Where are the tips? The only “tips” I see at the link are (1) it happens early in the morning on January 3 (what hours in what time zone?) and (2) you can only see it north of 51 degrees south latitude (but isn’t that just about all the land in the world except Antarctica and the southern tip of South America?).
NASA updated the post to include the tip: Look straight up. They still don’t indicate a particular direction or a set of constellations the shower may be flying past.
Constellations are markers for what’s happening in space. For instance, the radiant for this shower is in Boötes, so the meteors will point outward from there.

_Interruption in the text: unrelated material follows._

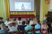 В нашем детском саду прошло мероприятие, посвященное творчеству поэта-героя Мусы Джалиля. В мероприятии приняли участие воспитанники старшей группы. Воспитатель по обучению детей татарскому языку Савочкина Г.З. рассказала об интересных фактах из жизни поэта, о его творчестве, показала презентации и мультфильмы «Красная ромашка», «Черная кошка». / Безнең балалар бакчасында герой-шагыйрь Муса Җәлил иҗатына багышланган чара узды. Чарада зур төркем балалары катнашты. Балаларны татар теленә өйрәту буенча тәрбияче Савочкина Г.З. шагыйрьнең тормышыннан кызыклы фактлар, аның катлаулы биографиясе, иҗаты турында сөйләде, презентацияләр һәм «Кызыл ромашка», «Карак песи» дип исемләнгән мультфильмнар карадылар.

But the meteors that you see aren’t in space any more, they’re the ones that have hit the atmosphere near where you are. So you don’t use constellations to find them any more than you would clouds. You look up.
This sort of principle applies to the time, too – as a rule, meteors are best a couple of hours after midnight in your local time, when your part of the earth is oriented the right way.
Thanks for your explanation. I will note though that during the Geminids orienting oneself toward the southern sky in the northern hemisphere yielded the best results. In that instance Orion was a good constellation reference point.
Here’s a link which indicates w/diagram where to look in the sky: http://meteorshowersonline.com/quadrantids.html
That shows the radiant point. That’s where the meteors trace back to, but they’re not going to be concentrated around it in the sky.
Here’s a meteor shower from the side:
/ / / / / / Meteors
Perspective means the lines look like they come from one imaginary point, but you should still look for them scattered overhead.
Edit: in fact looking toward the radiant has a negative consequence, the meteor trails will all be very short.
For practical purposes looking toward the N/NE sky between 12AM-sunrise will yield the best results in the northern hemisphere. That’s the finest tip I can come up with. If one looks elsewhere in the sky, one will not observe the phenomena.
I got a photo of one last year: http://www.flickr.com/photos/horsepunchkid/6637641327/in/set-72157628722367301/
It wasn’t the most amazing meteor shower, but it was a good experience. Being on a beach in the freezing cold at 2am looking up at the stars is not something I do often.